Among the entries below, one stretch runs from the line that contains "Москва. 15 марта." through the line that contains "The Economic Freedom". Repeat that stretch exactly, ends included, and only that.

[Records contained in a dataset]
BEGIN

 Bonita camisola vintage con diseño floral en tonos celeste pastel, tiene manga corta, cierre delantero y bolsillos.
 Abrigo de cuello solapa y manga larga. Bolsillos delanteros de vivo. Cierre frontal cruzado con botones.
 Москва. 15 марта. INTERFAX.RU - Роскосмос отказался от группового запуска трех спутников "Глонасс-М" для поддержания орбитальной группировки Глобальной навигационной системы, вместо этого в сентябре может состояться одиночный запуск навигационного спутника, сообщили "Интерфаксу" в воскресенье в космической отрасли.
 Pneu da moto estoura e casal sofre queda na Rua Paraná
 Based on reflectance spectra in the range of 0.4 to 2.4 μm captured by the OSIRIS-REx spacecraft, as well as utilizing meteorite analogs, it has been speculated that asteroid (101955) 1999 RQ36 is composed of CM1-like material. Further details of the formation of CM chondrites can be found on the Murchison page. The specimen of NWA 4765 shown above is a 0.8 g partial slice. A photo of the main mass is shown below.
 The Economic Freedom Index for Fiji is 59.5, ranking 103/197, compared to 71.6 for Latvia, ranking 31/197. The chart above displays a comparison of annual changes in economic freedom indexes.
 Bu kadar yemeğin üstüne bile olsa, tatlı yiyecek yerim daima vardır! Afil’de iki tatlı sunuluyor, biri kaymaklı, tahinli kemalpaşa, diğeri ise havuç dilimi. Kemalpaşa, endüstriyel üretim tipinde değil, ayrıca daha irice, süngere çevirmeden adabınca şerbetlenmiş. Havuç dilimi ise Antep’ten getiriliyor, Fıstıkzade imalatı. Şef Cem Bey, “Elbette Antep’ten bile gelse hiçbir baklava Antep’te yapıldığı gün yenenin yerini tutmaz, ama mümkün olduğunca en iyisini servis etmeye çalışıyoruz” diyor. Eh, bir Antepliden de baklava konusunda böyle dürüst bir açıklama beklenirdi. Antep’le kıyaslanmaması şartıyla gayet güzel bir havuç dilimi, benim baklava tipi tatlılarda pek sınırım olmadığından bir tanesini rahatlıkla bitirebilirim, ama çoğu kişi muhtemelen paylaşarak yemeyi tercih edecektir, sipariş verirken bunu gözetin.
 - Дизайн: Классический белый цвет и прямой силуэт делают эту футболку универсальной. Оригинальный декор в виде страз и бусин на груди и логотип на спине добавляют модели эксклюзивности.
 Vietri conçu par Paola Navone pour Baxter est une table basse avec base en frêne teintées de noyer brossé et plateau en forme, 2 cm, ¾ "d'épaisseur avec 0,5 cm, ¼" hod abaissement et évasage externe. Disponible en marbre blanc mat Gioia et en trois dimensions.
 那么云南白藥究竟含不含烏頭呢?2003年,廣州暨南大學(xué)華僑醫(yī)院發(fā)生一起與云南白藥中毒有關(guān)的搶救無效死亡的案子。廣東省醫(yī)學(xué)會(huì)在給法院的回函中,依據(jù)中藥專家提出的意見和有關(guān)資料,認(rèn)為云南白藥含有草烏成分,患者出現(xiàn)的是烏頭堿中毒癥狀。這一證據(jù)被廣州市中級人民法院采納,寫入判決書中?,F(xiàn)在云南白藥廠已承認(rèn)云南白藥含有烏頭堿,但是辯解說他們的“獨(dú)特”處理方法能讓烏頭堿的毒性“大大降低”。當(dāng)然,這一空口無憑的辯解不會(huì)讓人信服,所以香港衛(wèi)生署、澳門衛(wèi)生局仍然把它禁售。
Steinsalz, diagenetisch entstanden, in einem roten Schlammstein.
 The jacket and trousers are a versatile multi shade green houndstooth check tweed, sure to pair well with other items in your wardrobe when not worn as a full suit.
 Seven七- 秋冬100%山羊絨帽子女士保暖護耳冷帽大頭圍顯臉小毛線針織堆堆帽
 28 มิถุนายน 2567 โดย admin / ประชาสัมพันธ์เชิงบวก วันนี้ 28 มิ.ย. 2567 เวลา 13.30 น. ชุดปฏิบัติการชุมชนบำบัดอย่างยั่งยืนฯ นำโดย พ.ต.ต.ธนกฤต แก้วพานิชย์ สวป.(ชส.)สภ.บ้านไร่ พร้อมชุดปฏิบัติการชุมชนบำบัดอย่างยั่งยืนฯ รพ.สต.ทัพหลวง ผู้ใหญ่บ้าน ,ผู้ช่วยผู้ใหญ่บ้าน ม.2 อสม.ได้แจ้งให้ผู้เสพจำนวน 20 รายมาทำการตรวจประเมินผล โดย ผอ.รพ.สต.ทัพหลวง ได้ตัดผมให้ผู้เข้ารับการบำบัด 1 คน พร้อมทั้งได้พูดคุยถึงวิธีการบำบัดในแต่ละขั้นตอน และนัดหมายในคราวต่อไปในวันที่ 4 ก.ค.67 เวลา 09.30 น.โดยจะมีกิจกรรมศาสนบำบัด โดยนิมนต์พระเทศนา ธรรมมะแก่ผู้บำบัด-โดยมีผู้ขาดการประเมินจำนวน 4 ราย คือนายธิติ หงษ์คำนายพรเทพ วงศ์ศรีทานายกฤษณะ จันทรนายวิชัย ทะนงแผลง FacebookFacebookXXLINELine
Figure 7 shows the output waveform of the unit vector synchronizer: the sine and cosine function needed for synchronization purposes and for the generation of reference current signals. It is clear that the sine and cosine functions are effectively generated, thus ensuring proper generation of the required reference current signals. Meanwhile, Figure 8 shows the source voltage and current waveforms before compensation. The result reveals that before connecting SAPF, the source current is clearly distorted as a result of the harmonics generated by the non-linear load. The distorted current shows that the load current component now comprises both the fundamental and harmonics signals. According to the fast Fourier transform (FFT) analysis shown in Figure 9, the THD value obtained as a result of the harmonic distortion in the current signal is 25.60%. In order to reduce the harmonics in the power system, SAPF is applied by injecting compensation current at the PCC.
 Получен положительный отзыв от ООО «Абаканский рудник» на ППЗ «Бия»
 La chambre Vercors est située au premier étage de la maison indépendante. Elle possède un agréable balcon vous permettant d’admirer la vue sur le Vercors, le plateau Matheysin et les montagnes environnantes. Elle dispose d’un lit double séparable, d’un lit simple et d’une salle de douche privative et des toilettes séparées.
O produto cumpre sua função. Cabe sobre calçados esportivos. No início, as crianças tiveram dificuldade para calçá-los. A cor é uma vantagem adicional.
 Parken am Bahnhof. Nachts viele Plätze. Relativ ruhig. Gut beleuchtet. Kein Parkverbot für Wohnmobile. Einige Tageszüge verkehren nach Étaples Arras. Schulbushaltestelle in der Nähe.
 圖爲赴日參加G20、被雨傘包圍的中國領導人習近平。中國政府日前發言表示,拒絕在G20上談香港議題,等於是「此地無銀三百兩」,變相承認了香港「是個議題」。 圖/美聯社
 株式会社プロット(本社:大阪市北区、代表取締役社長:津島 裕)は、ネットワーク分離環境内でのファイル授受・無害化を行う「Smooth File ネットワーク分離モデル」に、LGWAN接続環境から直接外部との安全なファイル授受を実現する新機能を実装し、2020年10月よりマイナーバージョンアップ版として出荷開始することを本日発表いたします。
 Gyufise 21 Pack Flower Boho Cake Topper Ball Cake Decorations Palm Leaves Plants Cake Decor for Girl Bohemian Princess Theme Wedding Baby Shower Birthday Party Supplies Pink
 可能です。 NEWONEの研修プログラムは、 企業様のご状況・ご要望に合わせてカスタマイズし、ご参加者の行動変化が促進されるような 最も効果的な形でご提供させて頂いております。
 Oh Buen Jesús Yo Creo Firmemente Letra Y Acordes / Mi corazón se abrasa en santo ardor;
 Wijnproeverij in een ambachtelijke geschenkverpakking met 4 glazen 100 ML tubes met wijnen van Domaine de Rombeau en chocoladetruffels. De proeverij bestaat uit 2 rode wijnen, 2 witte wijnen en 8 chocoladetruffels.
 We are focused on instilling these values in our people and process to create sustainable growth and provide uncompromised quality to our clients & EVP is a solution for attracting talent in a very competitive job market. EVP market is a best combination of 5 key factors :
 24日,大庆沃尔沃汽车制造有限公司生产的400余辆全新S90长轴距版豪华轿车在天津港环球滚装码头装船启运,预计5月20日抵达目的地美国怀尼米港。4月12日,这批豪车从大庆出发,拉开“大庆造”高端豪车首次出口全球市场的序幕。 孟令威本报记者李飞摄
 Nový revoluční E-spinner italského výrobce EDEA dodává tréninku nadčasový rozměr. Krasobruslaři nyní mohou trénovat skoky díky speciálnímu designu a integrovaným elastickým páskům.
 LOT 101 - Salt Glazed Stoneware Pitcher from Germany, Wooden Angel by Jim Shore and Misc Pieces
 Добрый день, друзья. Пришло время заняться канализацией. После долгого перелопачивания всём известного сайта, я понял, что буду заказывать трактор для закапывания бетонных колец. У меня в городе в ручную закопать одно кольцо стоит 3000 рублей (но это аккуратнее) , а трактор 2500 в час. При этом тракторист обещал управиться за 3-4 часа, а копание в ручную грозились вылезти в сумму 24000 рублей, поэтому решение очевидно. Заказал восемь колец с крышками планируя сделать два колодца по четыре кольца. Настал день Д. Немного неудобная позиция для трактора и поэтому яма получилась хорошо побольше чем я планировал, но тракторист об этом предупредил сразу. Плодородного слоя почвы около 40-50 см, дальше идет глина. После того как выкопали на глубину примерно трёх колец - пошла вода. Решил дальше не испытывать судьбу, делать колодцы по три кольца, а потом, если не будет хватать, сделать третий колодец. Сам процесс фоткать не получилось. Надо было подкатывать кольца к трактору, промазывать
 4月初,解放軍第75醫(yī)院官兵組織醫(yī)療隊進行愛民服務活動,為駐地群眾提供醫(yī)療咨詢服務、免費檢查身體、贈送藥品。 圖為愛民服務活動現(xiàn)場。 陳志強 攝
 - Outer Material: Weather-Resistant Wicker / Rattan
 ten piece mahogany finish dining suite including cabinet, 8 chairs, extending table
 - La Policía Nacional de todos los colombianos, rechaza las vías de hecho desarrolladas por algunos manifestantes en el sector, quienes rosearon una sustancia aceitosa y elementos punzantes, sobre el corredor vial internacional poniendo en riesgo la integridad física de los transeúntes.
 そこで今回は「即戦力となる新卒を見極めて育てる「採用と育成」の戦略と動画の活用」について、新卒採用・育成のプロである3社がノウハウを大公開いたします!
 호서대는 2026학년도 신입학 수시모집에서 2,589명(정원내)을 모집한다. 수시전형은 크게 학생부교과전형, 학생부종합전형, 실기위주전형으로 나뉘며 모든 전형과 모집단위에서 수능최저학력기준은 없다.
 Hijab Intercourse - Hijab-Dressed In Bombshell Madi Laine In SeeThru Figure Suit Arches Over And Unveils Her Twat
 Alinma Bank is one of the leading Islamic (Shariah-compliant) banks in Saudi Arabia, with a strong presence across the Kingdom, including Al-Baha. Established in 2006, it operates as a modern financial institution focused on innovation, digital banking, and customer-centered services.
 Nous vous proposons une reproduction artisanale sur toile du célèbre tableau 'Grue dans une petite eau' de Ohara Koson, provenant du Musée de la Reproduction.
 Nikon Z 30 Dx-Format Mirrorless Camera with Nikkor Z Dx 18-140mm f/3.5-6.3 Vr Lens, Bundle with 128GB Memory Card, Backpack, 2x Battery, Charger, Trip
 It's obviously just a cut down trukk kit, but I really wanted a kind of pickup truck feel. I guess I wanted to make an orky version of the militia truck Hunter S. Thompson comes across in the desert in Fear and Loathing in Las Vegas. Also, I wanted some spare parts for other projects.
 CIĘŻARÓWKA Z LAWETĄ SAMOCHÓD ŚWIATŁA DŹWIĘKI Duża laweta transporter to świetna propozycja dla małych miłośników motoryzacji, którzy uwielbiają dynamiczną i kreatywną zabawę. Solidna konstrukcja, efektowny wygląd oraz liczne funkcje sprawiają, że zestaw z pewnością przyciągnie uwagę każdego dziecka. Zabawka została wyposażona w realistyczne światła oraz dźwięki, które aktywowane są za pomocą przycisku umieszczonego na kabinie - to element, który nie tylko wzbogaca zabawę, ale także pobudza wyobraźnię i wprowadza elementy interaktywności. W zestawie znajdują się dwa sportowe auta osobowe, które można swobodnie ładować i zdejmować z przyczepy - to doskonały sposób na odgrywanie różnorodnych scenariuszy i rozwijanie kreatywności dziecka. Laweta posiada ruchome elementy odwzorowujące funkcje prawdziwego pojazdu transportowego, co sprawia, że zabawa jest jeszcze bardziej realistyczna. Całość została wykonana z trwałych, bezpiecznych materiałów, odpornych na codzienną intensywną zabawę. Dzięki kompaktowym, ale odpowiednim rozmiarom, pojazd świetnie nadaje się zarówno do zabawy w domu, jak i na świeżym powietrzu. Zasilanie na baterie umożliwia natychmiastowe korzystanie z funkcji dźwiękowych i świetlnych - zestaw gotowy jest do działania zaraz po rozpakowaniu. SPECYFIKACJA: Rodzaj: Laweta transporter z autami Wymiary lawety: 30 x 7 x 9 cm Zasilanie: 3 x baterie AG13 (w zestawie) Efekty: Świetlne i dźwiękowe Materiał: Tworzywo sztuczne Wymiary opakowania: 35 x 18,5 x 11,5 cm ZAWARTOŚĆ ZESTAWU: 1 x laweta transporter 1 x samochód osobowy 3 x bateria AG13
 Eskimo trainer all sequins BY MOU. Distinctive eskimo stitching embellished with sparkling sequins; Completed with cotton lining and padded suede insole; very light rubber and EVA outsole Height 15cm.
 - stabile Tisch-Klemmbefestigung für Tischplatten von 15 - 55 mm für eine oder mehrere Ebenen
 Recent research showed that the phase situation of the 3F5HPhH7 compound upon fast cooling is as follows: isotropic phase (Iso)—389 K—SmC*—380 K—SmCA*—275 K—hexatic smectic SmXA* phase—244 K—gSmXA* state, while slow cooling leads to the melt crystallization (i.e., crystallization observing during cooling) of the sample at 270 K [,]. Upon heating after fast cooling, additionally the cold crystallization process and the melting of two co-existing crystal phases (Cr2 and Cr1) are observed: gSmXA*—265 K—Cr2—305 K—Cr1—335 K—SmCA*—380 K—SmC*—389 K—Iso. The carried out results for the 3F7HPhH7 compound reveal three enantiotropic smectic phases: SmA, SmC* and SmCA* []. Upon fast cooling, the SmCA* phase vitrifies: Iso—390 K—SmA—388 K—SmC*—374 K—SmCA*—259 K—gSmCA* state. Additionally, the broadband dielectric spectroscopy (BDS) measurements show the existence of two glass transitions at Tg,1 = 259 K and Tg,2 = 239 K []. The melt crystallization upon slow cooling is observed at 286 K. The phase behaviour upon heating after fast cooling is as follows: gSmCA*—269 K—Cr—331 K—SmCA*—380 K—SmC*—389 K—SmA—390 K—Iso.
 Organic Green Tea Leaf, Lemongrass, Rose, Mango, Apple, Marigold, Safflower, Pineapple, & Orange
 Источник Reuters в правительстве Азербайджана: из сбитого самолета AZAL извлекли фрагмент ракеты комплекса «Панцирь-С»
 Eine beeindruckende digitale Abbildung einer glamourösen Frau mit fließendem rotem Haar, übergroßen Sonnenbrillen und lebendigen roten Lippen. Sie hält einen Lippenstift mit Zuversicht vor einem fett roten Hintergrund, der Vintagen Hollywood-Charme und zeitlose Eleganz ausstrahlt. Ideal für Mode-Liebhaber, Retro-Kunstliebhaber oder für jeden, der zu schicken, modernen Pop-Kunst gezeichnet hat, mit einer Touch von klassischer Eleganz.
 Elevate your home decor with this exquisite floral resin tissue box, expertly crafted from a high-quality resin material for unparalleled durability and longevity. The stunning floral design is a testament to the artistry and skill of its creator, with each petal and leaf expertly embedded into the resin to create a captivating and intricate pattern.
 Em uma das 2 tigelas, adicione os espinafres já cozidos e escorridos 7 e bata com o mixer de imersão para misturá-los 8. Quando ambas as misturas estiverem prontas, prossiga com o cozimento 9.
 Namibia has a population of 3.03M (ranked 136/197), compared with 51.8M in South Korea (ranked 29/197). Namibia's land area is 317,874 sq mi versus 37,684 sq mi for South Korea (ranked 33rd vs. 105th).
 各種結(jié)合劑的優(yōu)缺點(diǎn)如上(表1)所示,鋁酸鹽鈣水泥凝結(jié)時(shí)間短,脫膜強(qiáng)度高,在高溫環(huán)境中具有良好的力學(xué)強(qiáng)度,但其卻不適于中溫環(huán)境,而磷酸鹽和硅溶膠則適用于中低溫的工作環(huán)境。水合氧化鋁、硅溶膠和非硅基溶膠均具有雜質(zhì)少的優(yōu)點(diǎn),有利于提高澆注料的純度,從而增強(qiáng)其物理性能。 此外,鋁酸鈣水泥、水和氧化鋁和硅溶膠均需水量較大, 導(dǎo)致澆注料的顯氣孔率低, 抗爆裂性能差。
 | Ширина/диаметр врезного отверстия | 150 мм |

END

**RESPONSE:**
 Москва. 15 марта. INTERFAX.RU - Роскосмос отказался от группового запуска трех спутников "Глонасс-М" для поддержания орбитальной группировки Глобальной навигационной системы, вместо этого в сентябре может состояться одиночный запуск навигационного спутника, сообщили "Интерфаксу" в воскресенье в космической отрасли.
 Pneu da moto estoura e casal sofre queda na Rua Paraná
 Based on reflectance spectra in the range of 0.4 to 2.4 μm captured by the OSIRIS-REx spacecraft, as well as utilizing meteorite analogs, it has been speculated that asteroid (101955) 1999 RQ36 is composed of CM1-like material. Further details of the formation of CM chondrites can be found on the Murchison page. The specimen of NWA 4765 shown above is a 0.8 g partial slice. A photo of the main mass is shown below.
 The Economic Freedom Index for Fiji is 59.5, ranking 103/197, compared to 71.6 for Latvia, ranking 31/197. The chart above displays a comparison of annual changes in economic freedom indexes.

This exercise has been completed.